Belton Independent School District employees may have to use vacation time to deal with aftereffects of a January data breach, a spokesman said Friday.
BISD’s administration was the victim of a “spear phishing” email scam this winter. On Jan. 27, a BISD employee responded to an email that appeared to have been sent by Superintendent Susan Kincannon, attaching 1,700 W-2 forms to the response. But the original email was not from the superintendent; it came from a scammer seeking personal identification data on employees and former employees.
Two unnamed staffers resigned over the breach. Law enforcement and the IRS were notified.
Since that time, some district employees reportedly received letters from the IRS informing them that they must travel to an IRS office in person to confirm their identity in order to complete the process of filing their 2016 taxes and receive their refund.
“We’ve had less than a hundred employees report that they’ve received the letters,” BISD communications director Kyle DeBeer said.
There are IRS offices in Waco and Austin.
DeBeer said that if these IRS appointments conflict with employees’ work schedule, the district’s leave policies require them to take time out of their personal leave.
“Our human resources department has talked with employees about finding ways to minimize that when possible,” he said.
Some hourly employees, such as paraprofessionals, may be able to make up their lost time on other days, DeBeer said.
“In the case of some teachers, there have been discussions of if it’s possible to schedule the appointment so it’s not a full half-day,” he said.
But the district cannot give employees an extra day off to remedy the data breach effects without violating policies set by the board of trustees, DeBeer said.
BISD board president Randy Pittenger said the issue hasn’t come before the board yet, and that they wanted to take care of school employees.

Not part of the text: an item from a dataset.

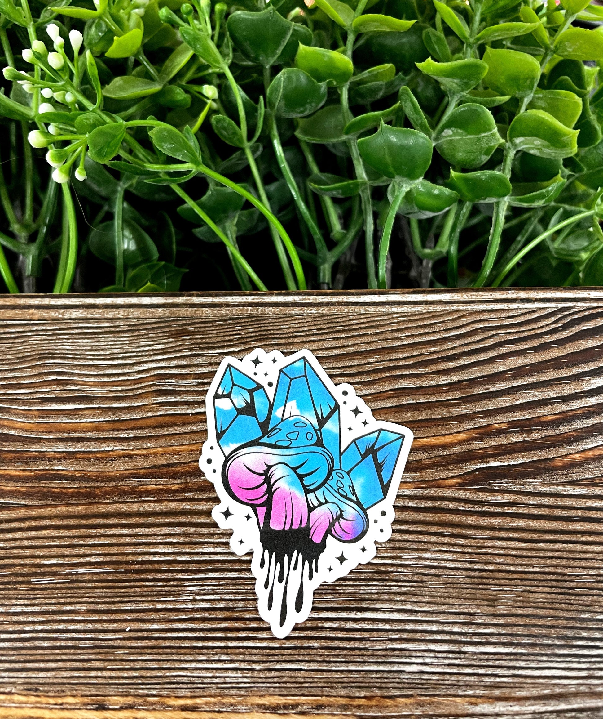 Mushrooms and Crystals, Purple and Blue Die Cut Vinyl Sticker, Boho Fun, Water Resistant |Sticker or Magnet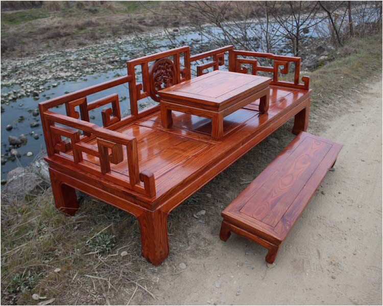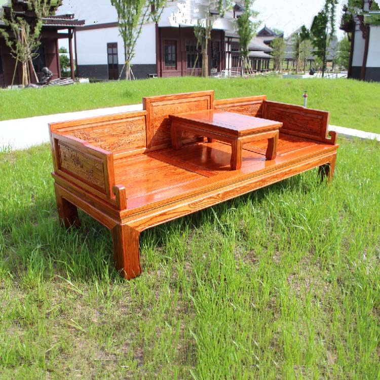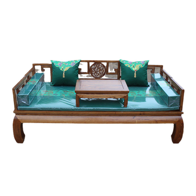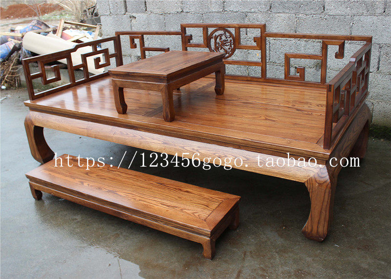 New Chinese style solid wood three-person sofa living room Arhat bed elm double seat chaise longue simple small apartment

He was hopeful the human resources department could come up with a fair solution.
“We clearly understand that this is an inconvenience for employees that are receiving these letters,” DeBeer said. “We’re very sorry that the breach of their personal information happened in the first place…. We understand that this places a burden on them and we’re sympathetic to that.”
According to a 2015 report from the U.S. Treasury Inspector General for Tax Administration, identity theft victims frequently experience long delays in receiving tax refunds.
In 2012, the IRS took an average of 312 days to settle the accounts of identity theft victims owed a refund. In 2013, the agency was able to reduce that average to 278 days.
DeBeer noted that some employees found ways to deal with their IRS problems in their own time. Sticking with the official leave policy is an attempt to maintain consistency and fairness, he said.
“A big question is what’s fair, and what’s fair to everyone who was affected, including people who have found time to answer it on their own,” DeBeer said. “It’s an effort to be consistent and be fair — consistent not just with our policy but consistent with how all our employees are treated.”